The effect it had on her was one of the most dramatic I had ever seen. She instantly went out, as if someone had flipped a switch. She had been talking away one moment and then lay there unconscious the next. I saw no discomfort and I felt her body continue to release restrictions, so I sustained the hold for a few more minutes and then released it. The moment I did, her eyes snapped open. She immediately asked how long she had been out in a voice that expressed absolute terror. She had been entirely unprepared for what happened and had no desire to share her experience. When she left, I felt like I had done her a disservice. I never saw that woman again.
Fortunately, that was not the case with the first woman. This would indeed be a horrible story if I left things on such an uncertain note. As it so happened, a few months after the crying woman had left my office, I ran into her while having lunch. It turned out that she lives in my neighborhood and she walked into the eatery that I happened to be at. Once she saw me, she gave me an enthusiastic greeting and insisted on buying my lunch. I begged her to tell me what had happened when she left my office.

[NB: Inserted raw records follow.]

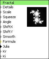 Julia - přepínač režimu Julia fraktálu. U Julia fraktálu se namísto souřadnice bodu C použije konstanta K, zadaná pomocí vstupů Kr a Ki.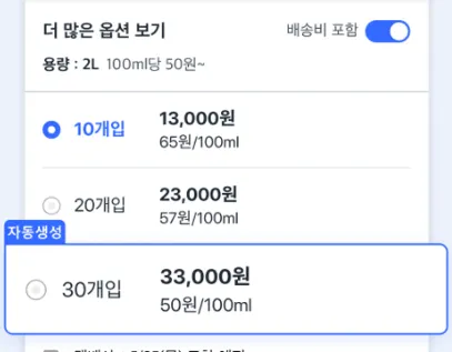 고객이 선호하는 수량이 발견되면 판매자가 설정한 가격과 배송비로 수량 옵션이 자동 생성돼요.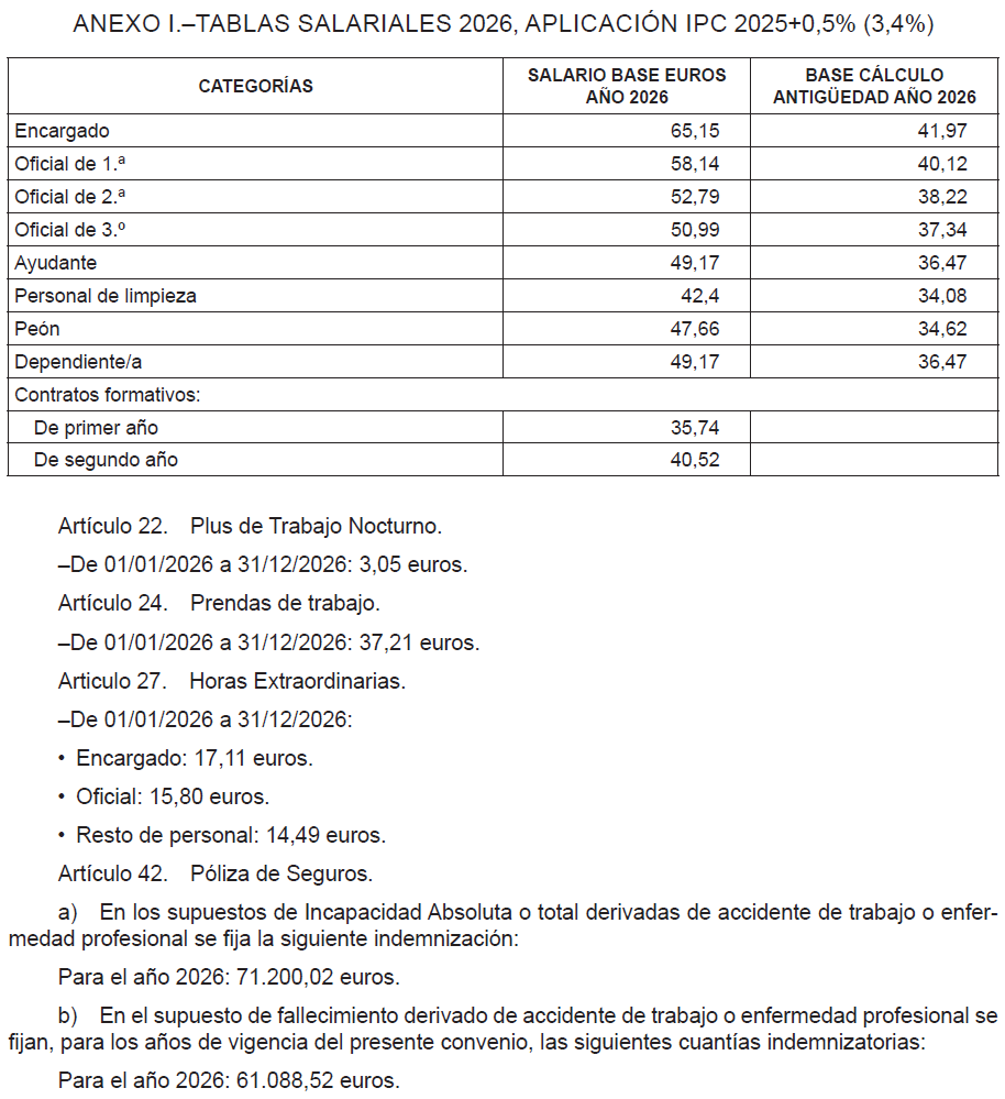 El incremento es el resultado aplicar un 3,40% a las tablas del año 2025, una vez actualizadas con un 0,5% adicional al resultado del IPC correspondiente al año 2025.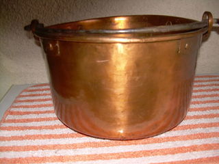 Chaudron cuivre , hauteur 21 cm , diamètre 32 cm .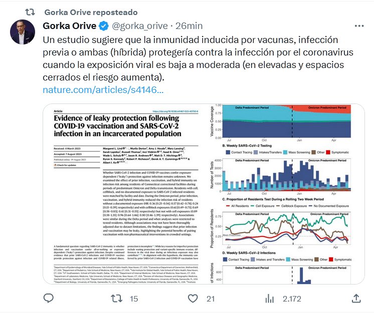 Un estudio sugiere que la inmunidad inducida por vacunas, infección previa o ambas (híbrida) protegería contra la infección por el coronavirus cuando la exposición viral es baja a moderada (en elevadas y espacios cerrados el riesgo aumenta).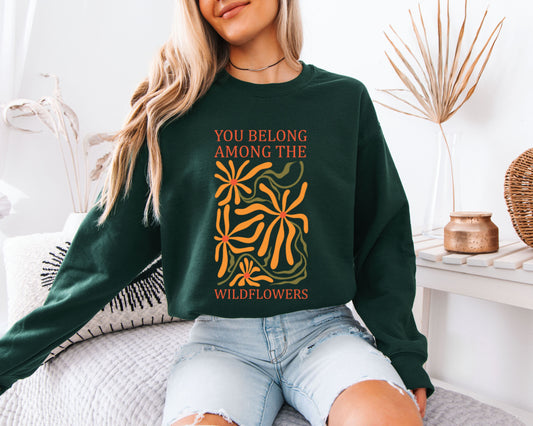 Nature Walk Sweatshirt, Wildflower Illustration Crewneck Pullover, Relaxed Casual Top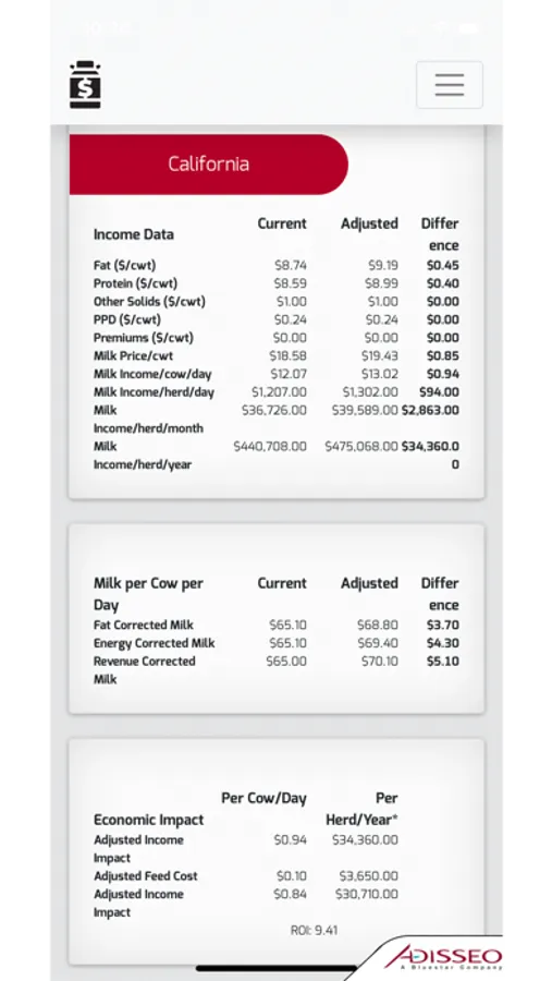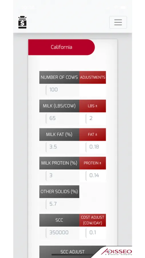 The calculator provided by Adisseo is for use by those in the dairy industry. Adisseo is the manufacturer of Smartamine® M and MetaSmart® methionine for ruminants. The calculations are estimates based on the data entered. Neither Adisseo, its agents, salesmen nor its employees make any warranty about the accuracy or results of numbers used in the calculations.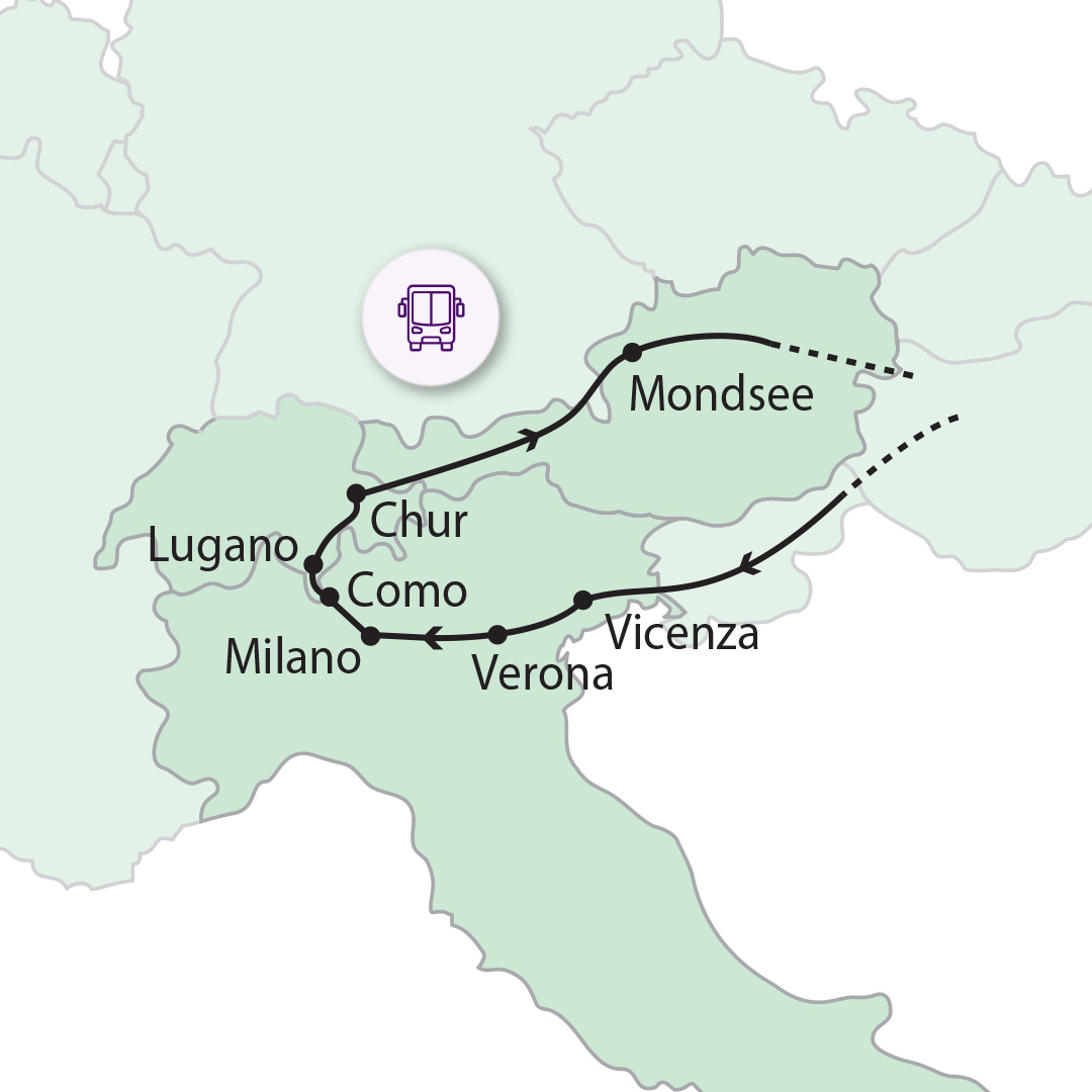 ">Veronában, Rómeó és Júlia városában. Természetesen megtekintjük a két szerelmes híres erkélyét. A ház falai telis-tele vannak rajzolva a szerelmesek üzeneteivel. A főtéren látható az ókori Aréna, mely nyaranta a híres Veronai Ünnepi Játékok helyszíne. Ez Olaszország leglátogatottabb szabadtéri színháza. A bájos belvárosban sétálva keressük fel az Erbe teret és a Scaligeri család palotáit. Kisétálunk a várost körbeölelő kanyargós Adige folyó partjára is. Veronát elhagyva Milánóba utazunk. Meglátogatjuk a város főbb látványosságait. Ezek közül a legismertebb a Dóm, mely az 1300-as évek végén épült, 135 csipkézett tornyocskával és 3.400 szoborral díszített. Véleményünk szerint kihagyhatatlan élmény felmenni a toronyba és Milánót a Dóm márványteraszáról is megtekinteni. Ha felérünk, nem csak a panorámában gyönyörködhetünk, hanem a minket körülvevő csipkézett márvány tornyocskák és pillérek látványában is. Aki be szeretne menni a Dómba és fel akar menni a kupolába (lifttel), azoknak irodánk előre megvásárolja a jegyet, hogy elkerüljék a nagyon hosszú sorbanállást. (Ezt jelentkezéskor kell megrendelni.)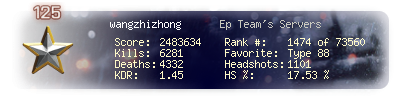 | Kills | 6285 | Deaths | 4334 | Kill / Death | 1.45 |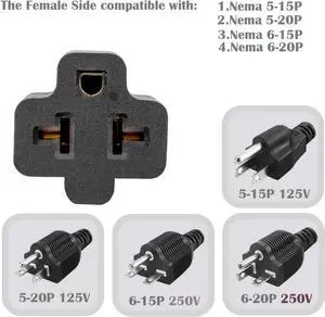 6-15P to 5-15R Power Adapter Travel Plug Adapter,US 3 Prong Plug Adapter 120V to 240V Black Plug Power Converter Electrical Adapter,1-Pack (6-15P to 5-15R, Style-B)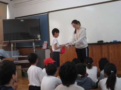 そして,教育実習の先生の最後の話になりました。先生も子どもたち全員にメッセージを書いてきていました。一人一人手渡され,子どもたちはとてもうれしそうでした。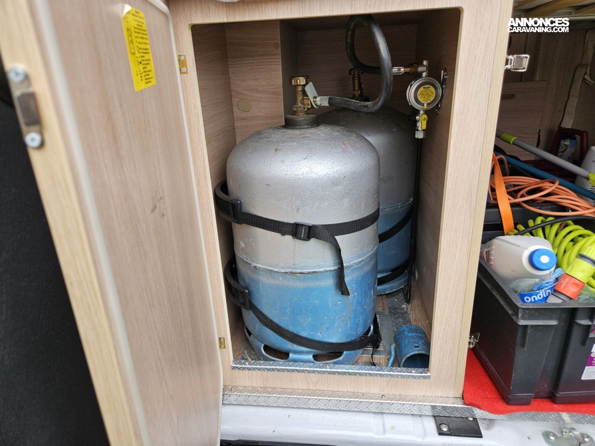 CHAUFFAGE COMBI TRUMA 4, REFRIGERATEUR/CONGELATEUR, GAZINIERE 2 FEUX, DOUCHE ET WC SEPARES, ECLAIRAGE LED, MOQUETTE CELLULE, MOUSTIQUAIRE DE PORTE CELLULE, RALLONGE DE TABLE, REFRIGERATEUR TRI MIX, STORES PLISSES DE CABINE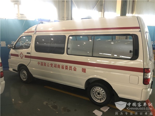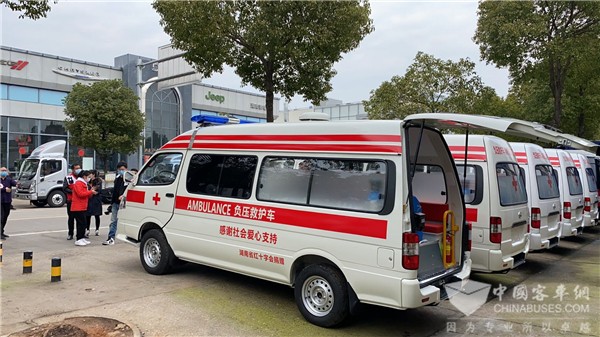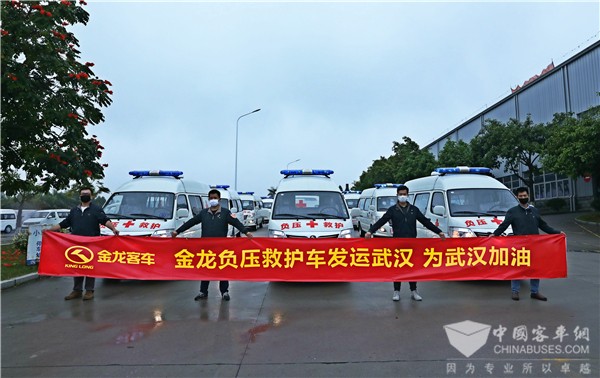 疫情发生后,湖南省红十字会第一时间向金龙客车定制了10辆负压救护车支援各定点医院,其中首5辆已于2020年2月17日交付,捐赠给湘西自治州人民医院、益阳市第四人民医院、邵阳市中心医院、娄底市中心医院、株洲市中心医院,并已投入紧急使用。2月22日下午,湖南省红十字会举行第二批负压车捐赠活动,5辆金龙负压救护车分别转赠给永州市中心医院、怀化市第一人民医院、湘潭市中心医院、张家界市人民医院、省人民医院5家省内疫情防控定点医院,助力“防疫一线”转运力量。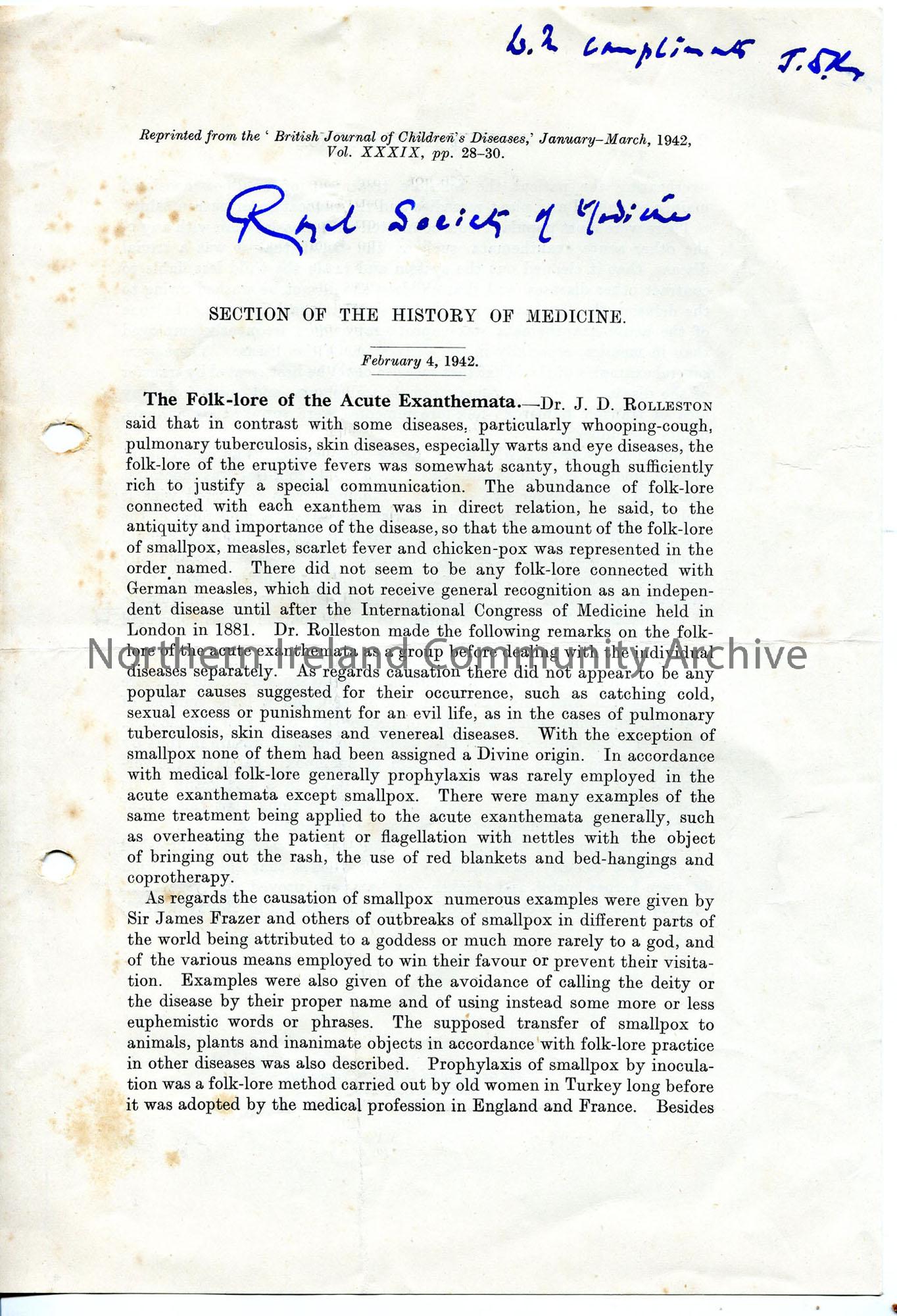 Printed article ‘The Folklore of the Acute Exanthemata’ in the History of Medicine section of the British Journal of Children’s Diseases, mentioning J…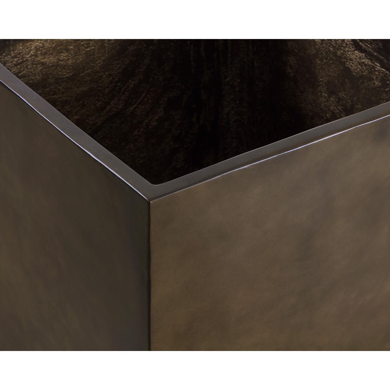 The contemporary form of the square Tansy Planter allows for a lush display of botanicals that will complement any decor. Constructed from glass fibre-reinforced concrete for increased durability with a protective sealant finish that allows it to withstand the elements. Designed with an antique bronze finish with an alluring sheen, this beautiful planter will be a welcome addition to large spaces such as hotel lobbies or building entrances. Includes holes for drainage, one step, and a removable shelf insert. Suitable for indoor and outdoor covered spaces.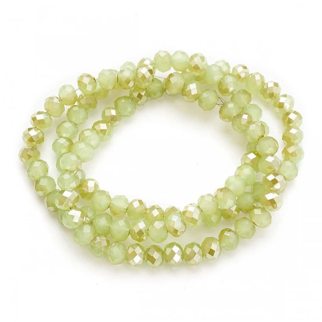 Намистини Гальваніка Скло під Нефрит, Напівпокриття, Грановані,Рондель,Темно-зелений, 6х4мм, 100шт/40см/нитка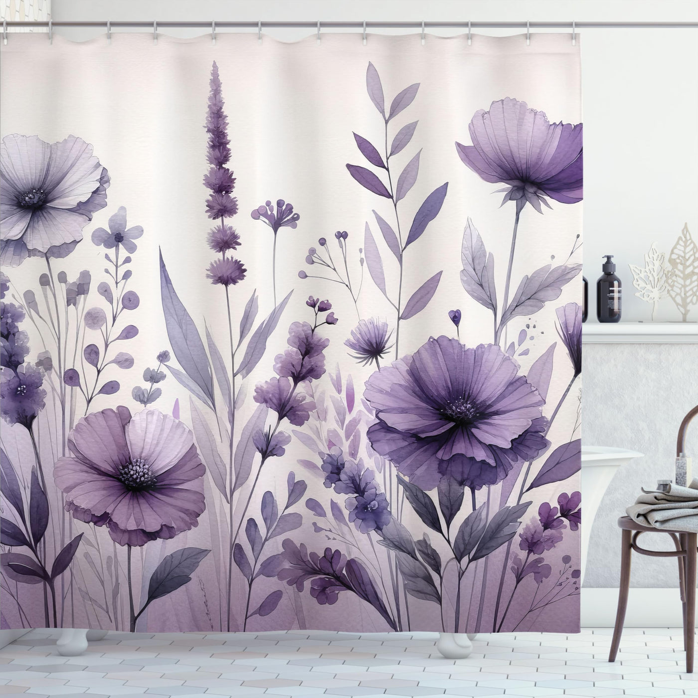 Q: What are the dimensions of the Ambesonne Purple Shower Curtain?A: The Ambesonne Purple Shower Curtain measures 69 inches wide by 75 inches long, making it suitable for most standard shower sizes.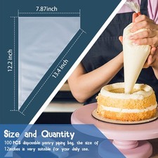 100pcs Thick Disposable Icing Piping Bags, Professional Pastry 12 Inch, Clear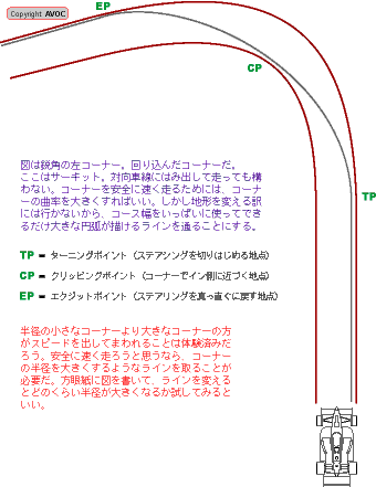 速く走ると言ってもクルマの性能以上には速く走れない。ならばクルマの性能を最大限に(つまり限界まで)引き出して走ろうというのがアウトインアウトの思想だ。単にアウトから入ってインについてアウトにはらめばアウトインアウトは完成、と思っていると大間違い。なぜアウトインアウトなのか。理由と目的をしっかり把握しなければ、それこそ理論で終わってしまう。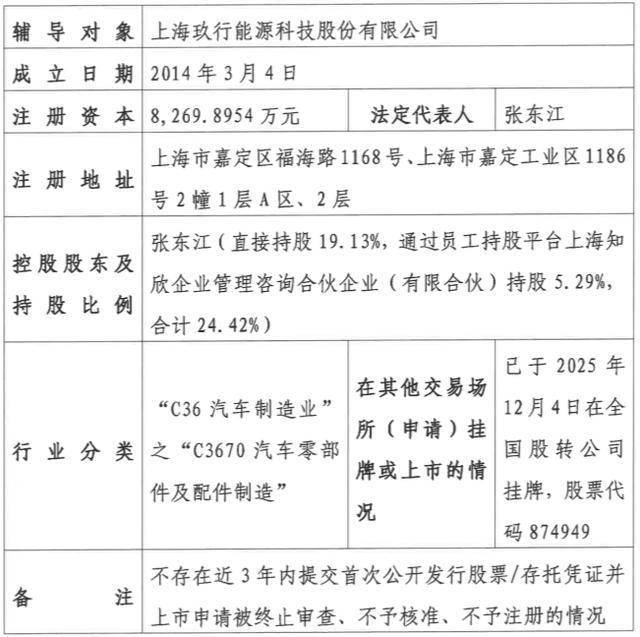 | 辅导对象 | 上海玖行能源科技股份有限公司 | | --- | --- | | 成立日期 | 2014年3月4日 | | 注册资本 | 8,269.8954 万元 法定代表人 张东江 | | 注册地址 | 上海市嘉定区福海路1168号、上海市嘉定工业区1186 | | | 号2幢1层A区、2层 | | 控股股东及 | 张东江(直接持股19.13%,通过员工持股平台上海知 欣企业管理咨询合伙企业(有限合伙)持股 5.29%, | | 持 股 比 例 | | | | 合计 24.42%) | | 行业分类 | 已于 2025年 在其他交易场 所(申请)挂 | | | "C36 汽车制造业" 12月4日在全 | | | 之"C3670 汽车零部 国股转公司 | | | 牌或上市的情 | | | 挂牌,股票代 件及配件制造" 况 | | | 码 874949 | | 备 注 | 不存在近3年内提交首次公开发行股票/存托凭证并 | | | 上市申请被终止审查、不予核准、个于注册的情况 | 瑞财经 严明会 近日,上海玖行能源科技股份有限公司(以下简称:玖行能源)在上海证监局完成IPO 辅导备案,拟北交所IPO,辅导机 ...

She told me that while she was on my table, her mind kept showing her fight after fight that she had been having with her significant other. As it turned out, they were in the process of breaking up and she hadn’t thought that it was connected in any way to her back pain. While on the table, she described an epiphany in which she realized that her pain was a manifestation of the intense anger she felt towards her boyfriend during their contentious split. It was a realization that created such a shift in her perspective that she felt unable to talk about it at the time, but she was able to integrate into her life over time. Not only did her pain go away completely, but she felt renewed enthusiasm for her work and was now in a new relationship that she felt was much more healthy.
Did this also happen with my other patient? Was her moment of terror merely a crisis of healing? I hope so with all my heart, but I realize that I may never know. These two examples are not the only ones that I have of somato-emotional release, but they are the most extreme, and the reason why do my best to treat the mind-body connection with the utmost respect. It still annoys me that craniosacral work is viewed as mystical, but given experiences like these, I understand how it inspires such feelings. I have put a great deal of time into trying to understand the physiologic mechanisms to logically account for what it is I am actually doing. I don’t feel as if I’ve gotten very far with that, but as long as I can help people out with my work, I will not begrudge the strangeness that goes along with it. Besides, sometimes I like telling people that I’m a wizard.